The upper levels of the open pits are usually in weathered material, which typically is free digging material. Once fresh (un-weathered) rock is encountered, drilling and blasting is required.

Emulsion explosives are supplied as a down-the-hole service by the mine’s explosive contractor Maxam.

Ten-metre benches are used in both the free dig material in the upper levels and in the harder ground that requires drilling and blasting. The 10 m benches containing ore are excavated in three flitches of equal height.

Production drilling is done by the contractor on a 6 m by 6 m pattern, with holes drilled to a depth of 11.6 m (10 m bench height plus 1.6 m sub-drill). Controlled presplit drilling and buffer line blasting is practised against final walls. The blasting contractor, Maxam, charges holes with emulsion which are detonated using an electronic blasting system to control the blast movement.

Dilution is controlled through blast patterns that are entirely in ore, the use of electronic blasting detonators to reduce blast movements, through the sizing of equipment and through the help of spotters who monitor the mining process.

Open Pit Design Parameters (All Open Pits):
- Accesses - Minimum of two accesses always;
- Ramps - Two single lane ramps (1 driving down, 1 driving up);
- Ramp Access - Minimising ramp access in the hanging wall, unless in a temporary wall;
- Ramp Width - 25 m for double lane and 12 m for single lane ramps, except for dumps (30 m);
- Ramp Gradient - 10%;
- Batter Angles - 60-80°;
- Switchbacks - Kept to a minimum;
- Slope Angles - As advised by a geotechnical analysis;
- Bench Basis - 10 m bench;
- Strip Ratio - Kept as low as possible;
- Final Face Benches - No ramp accesses;
- Single Lane Ramps - Used where required.

UNDERGROUND
All three mines (Yalea, Gara and Gounkoto) employ long hole open stoping with paste fill at a similar scale and all feed the same processing plant. The underground mines are accessed with twin declines at each site, after which stopes are accessed by multiple ramps developed at approximately 500 m intervals along strike. The sub-level spacing varies between 25 m and 20 m. Generally, newer areas are 25 m apart while older areas, crown pillar areas, and geotechnically complex areas are 20 m apart.

Yalea
The Yalea underground mine is a long hole stoping operation producing at a rate of approximately 1.4 Mtpa of ore. Development commenced in 2007, stoping commenced in 2008, and production has ramped up to 1.4 Mt in 2013.

The mine is accessed via twin declines starting in the Yalea open pits. One is a conveyor decline and the other is used for mobile equipment.
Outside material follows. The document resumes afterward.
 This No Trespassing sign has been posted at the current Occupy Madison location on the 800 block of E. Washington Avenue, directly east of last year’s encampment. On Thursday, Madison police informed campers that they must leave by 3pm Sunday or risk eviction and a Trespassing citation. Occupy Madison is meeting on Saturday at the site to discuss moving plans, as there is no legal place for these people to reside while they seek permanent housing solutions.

The lower part of the mine has been developed through a number of single ramps for truck haulage up to crushers located approximately 350 m below surface which feed ore and waste onto the conveyors.

Gara
The Gara underground mine is a long hole stoping operation producing at a rate of 1.3 Mtpa of ore. Development began in 2010, with production gradually ramping up to 1.2 Mt in 2017 and 1.3 Mt in 2020.

Similar to Yalea, the Gara underground mine is accessed via twin declines from the pit base. One of these is a conveyor decline and the other a trucking decline. The lower part of the mines has been developed as single declines with truck haulage up to crushers which feed ore and waste onto the conveyor.

Gounkoto
The Gounkoto underground mine is accessed with a single ramp, of which various other ramps access four main deposit zones.
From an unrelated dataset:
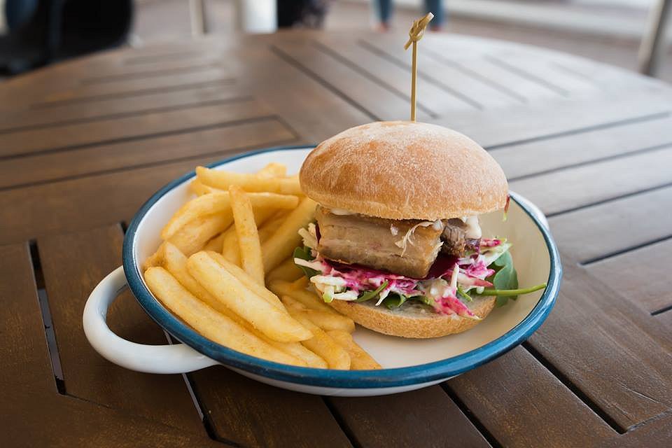 Crispy Skinned Pork Belly Roll – crispy skinned confit pork belly served with an apple and celeriac slaw, pickled beetroot, aioli and chips. We were all super excited to try this dish as it sounded something right up our alley. It is common that in some situations pork belly can be quite dry. The pork belly used in this dish was juicy and soft. This complemented the crunch of the slaw, beetroot and dressed with a creamy aioli.

Longitudinal long hole mining method with paste fill will be used, except in the wider zone where a primary-secondary method with fill will be used. This will be at the same 25 m sub- level spacing as in the other operations.

The 60 m thick crown pillar below the base of the pit will be mined first and then backfilled. A smaller 20 m sub-level spacing is planned in this zone as poor- quality rock conditions are anticipated.

Fleet
The underground equipment consists mainly of development drills, production drills, trucks, LHDs, some of which are remote configured and some of which are fully automated, and auxiliary equipment (Getman, Mancleans, etc.).

Comminution

Crushers and Mills

Summary:

Gounkoto Crushing
Ore material is crushed at Gounkoto with a primary Sandvik CJ815 jaw crusher and secondary cone Sandvik CS660 crusher. The final crushed product is minus 40 mm (80%) and minus 60 mm (20%) at a throughput rate depending on the final crushed size requirement. For the selected 35 mm product size the throughput rate is 360 tph.

Loulo Gounkoto (Complex) Crushing
The trucks transport ore from Gounkoto to Loulo, approximately 30 km away, using an average cycle time of 90 minutes. The trucks deliver crushed ore to the ROM pad at Loulo and feed the crushed ore directly into the hard rock circuit via the existing gyratory crusher.

Run of Mine ore from the shafts and Gounkoto operations are blended using detailed source analyses to provide a blend of ore to the plant for treatment, meeting the plant operating specifications. The ore is crushed in three stages of crushing to provide a suitable product for feed to the primary mill. Soft ore is fed to the mineral sizer, followed by ball milling. The mill products are classified using hydrocyclones, returning the course material underflow to the grinding circuit. The cyclone overflow is thickened to a suitable underflow density and pumped to the CIL plant.

Since 2014, multiple optimisation projects have been undertaken, resulting in increased throughput and improved recoveries. The upgraded processing plant remains a conventional crushing, milling, CIL, and tailings disposal circuit.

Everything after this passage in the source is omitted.